■ Task goal ■
Would you transcribe the records below from the line with "2. Bağdaştırıcı simgesine" to the line with "活动伊始,文艺部精心安排了漆", ends included, exactly and with nothing more, leaving the pictures out?

■ Data extracts ■
◆ ◆ ◆ ◆

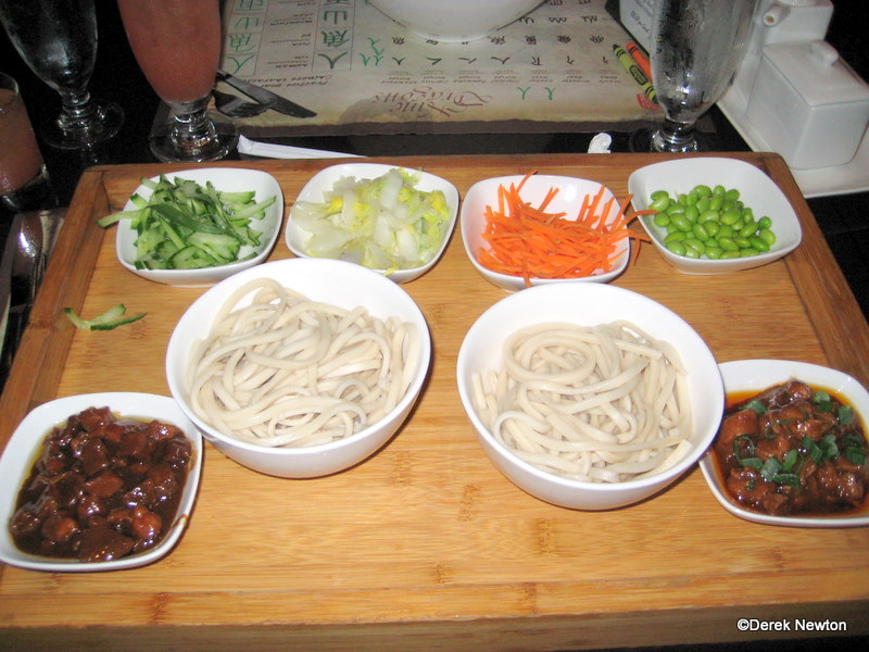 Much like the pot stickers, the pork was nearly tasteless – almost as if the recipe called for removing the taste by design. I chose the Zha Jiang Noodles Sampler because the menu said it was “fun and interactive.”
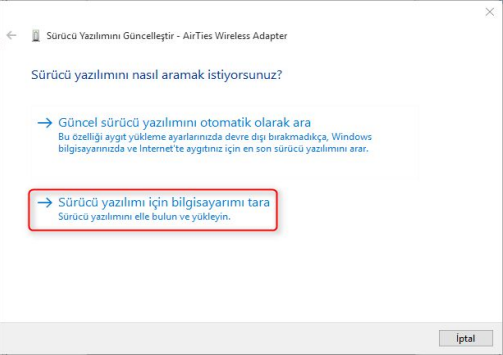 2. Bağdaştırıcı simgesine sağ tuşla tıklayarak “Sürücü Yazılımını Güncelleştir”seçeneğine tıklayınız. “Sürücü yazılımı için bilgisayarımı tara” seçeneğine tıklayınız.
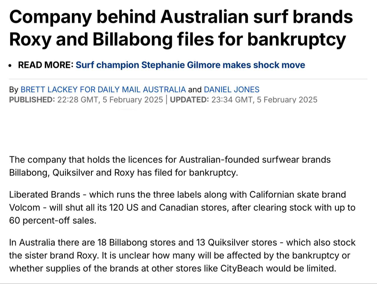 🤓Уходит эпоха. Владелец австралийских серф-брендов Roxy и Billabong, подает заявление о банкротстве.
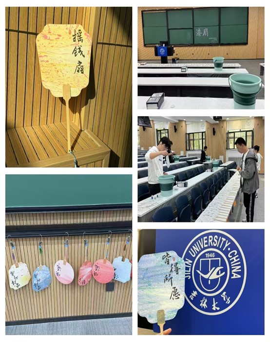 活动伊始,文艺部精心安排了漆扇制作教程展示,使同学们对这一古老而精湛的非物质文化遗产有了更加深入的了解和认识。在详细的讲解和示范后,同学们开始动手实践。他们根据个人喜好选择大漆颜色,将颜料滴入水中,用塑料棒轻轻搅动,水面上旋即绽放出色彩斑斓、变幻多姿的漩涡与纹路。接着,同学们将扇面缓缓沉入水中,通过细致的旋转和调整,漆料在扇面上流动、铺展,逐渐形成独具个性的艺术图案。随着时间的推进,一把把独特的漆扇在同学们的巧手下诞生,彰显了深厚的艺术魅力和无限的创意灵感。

◆ ◆ ◆ ◆

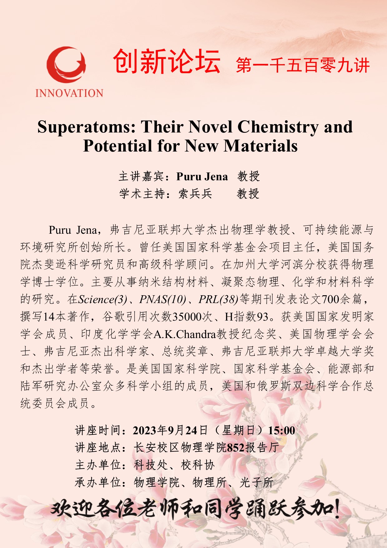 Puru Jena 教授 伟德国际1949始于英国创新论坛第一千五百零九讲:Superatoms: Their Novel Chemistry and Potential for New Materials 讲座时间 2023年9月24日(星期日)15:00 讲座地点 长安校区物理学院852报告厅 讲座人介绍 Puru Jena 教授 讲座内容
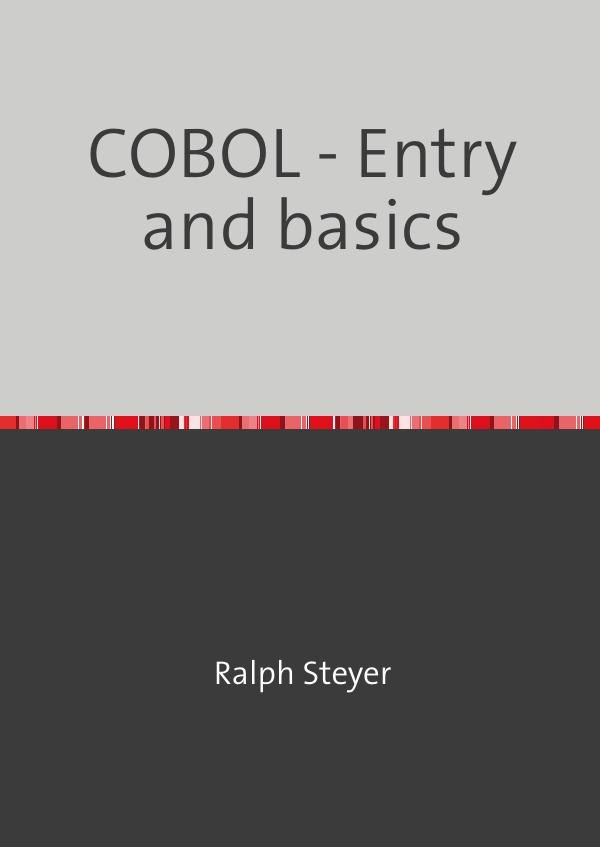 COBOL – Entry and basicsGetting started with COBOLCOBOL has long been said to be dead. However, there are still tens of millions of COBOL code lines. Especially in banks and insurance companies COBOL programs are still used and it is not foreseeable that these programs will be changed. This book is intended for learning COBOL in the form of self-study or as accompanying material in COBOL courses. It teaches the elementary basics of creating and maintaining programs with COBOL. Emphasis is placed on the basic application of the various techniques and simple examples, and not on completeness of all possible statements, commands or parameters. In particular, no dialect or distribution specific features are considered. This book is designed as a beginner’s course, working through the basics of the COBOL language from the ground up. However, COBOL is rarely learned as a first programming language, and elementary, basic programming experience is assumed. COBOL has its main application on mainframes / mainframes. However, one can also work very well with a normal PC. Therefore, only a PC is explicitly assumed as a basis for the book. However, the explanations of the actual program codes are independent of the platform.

◆ ◆ ◆ ◆

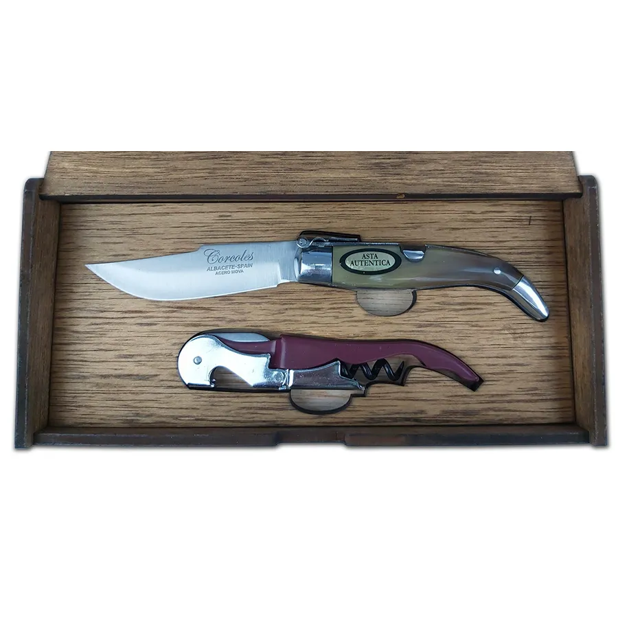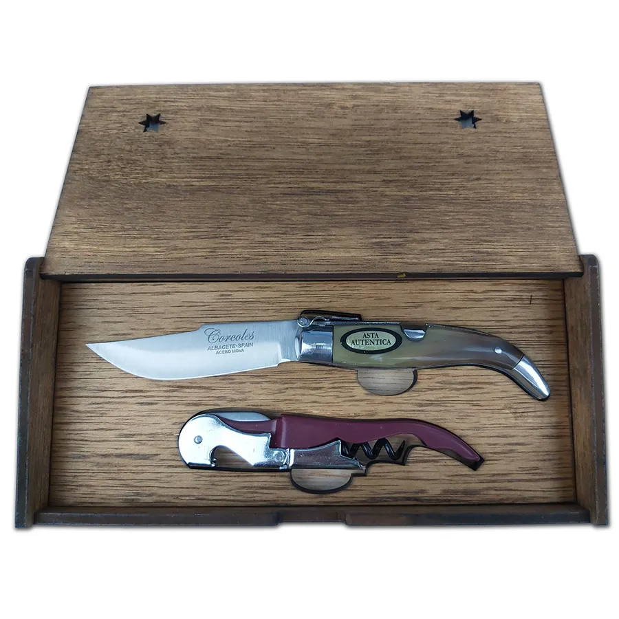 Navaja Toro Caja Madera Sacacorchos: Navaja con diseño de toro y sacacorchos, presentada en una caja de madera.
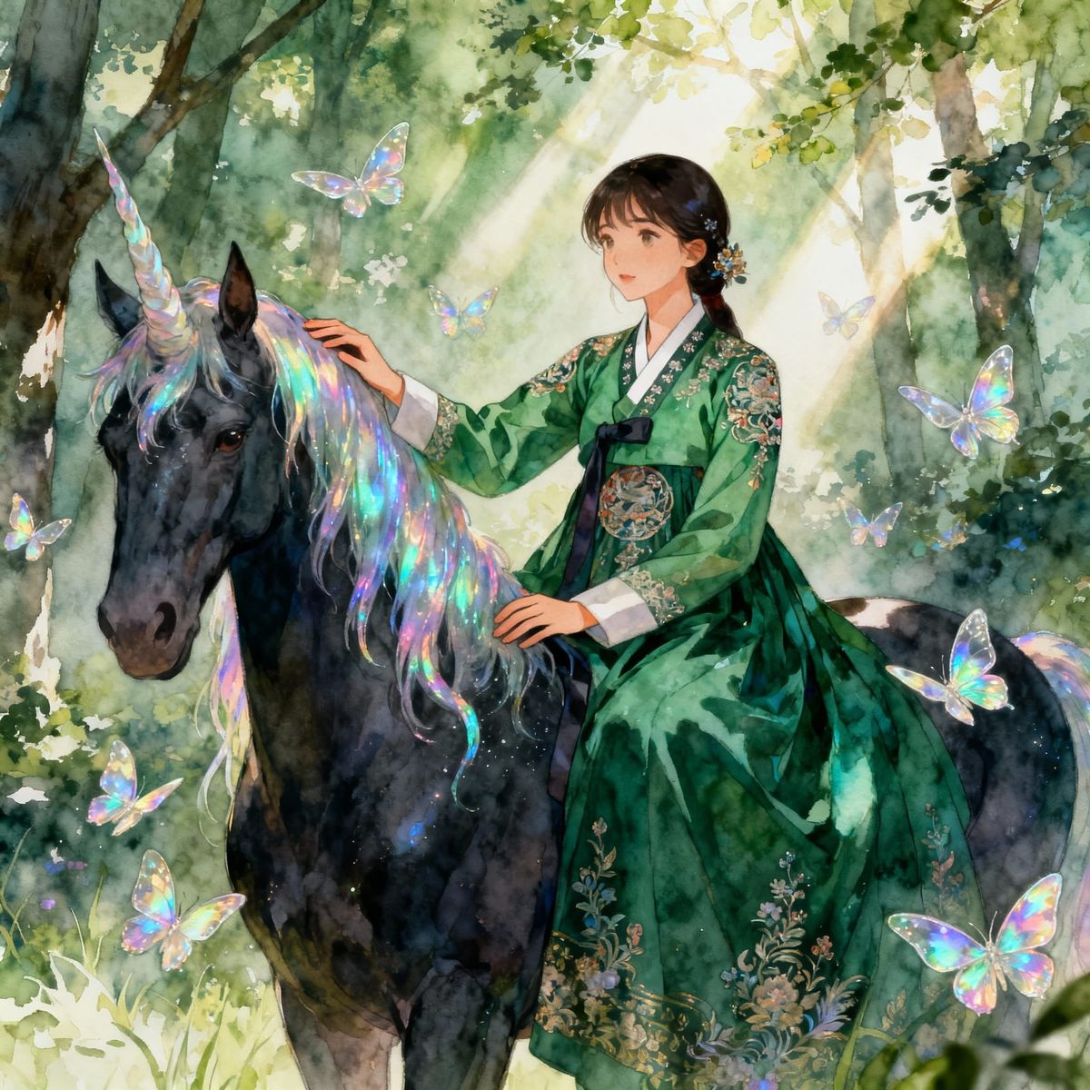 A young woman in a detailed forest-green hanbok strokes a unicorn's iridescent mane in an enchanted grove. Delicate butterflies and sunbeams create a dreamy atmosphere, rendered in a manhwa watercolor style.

◆ ◆ ◆ ◆

■ Written answer ■
 2. Bağdaştırıcı simgesine sağ tuşla tıklayarak “Sürücü Yazılımını Güncelleştir”seçeneğine tıklayınız. “Sürücü yazılımı için bilgisayarımı tara” seçeneğine tıklayınız.
 🤓Уходит эпоха. Владелец австралийских серф-брендов Roxy и Billabong, подает заявление о банкротстве.
 活动伊始,文艺部精心安排了漆扇制作教程展示,使同学们对这一古老而精湛的非物质文化遗产有了更加深入的了解和认识。在详细的讲解和示范后,同学们开始动手实践。他们根据个人喜好选择大漆颜色,将颜料滴入水中,用塑料棒轻轻搅动,水面上旋即绽放出色彩斑斓、变幻多姿的漩涡与纹路。接着,同学们将扇面缓缓沉入水中,通过细致的旋转和调整,漆料在扇面上流动、铺展,逐渐形成独具个性的艺术图案。随着时间的推进,一把把独特的漆扇在同学们的巧手下诞生,彰显了深厚的艺术魅力和无限的创意灵感。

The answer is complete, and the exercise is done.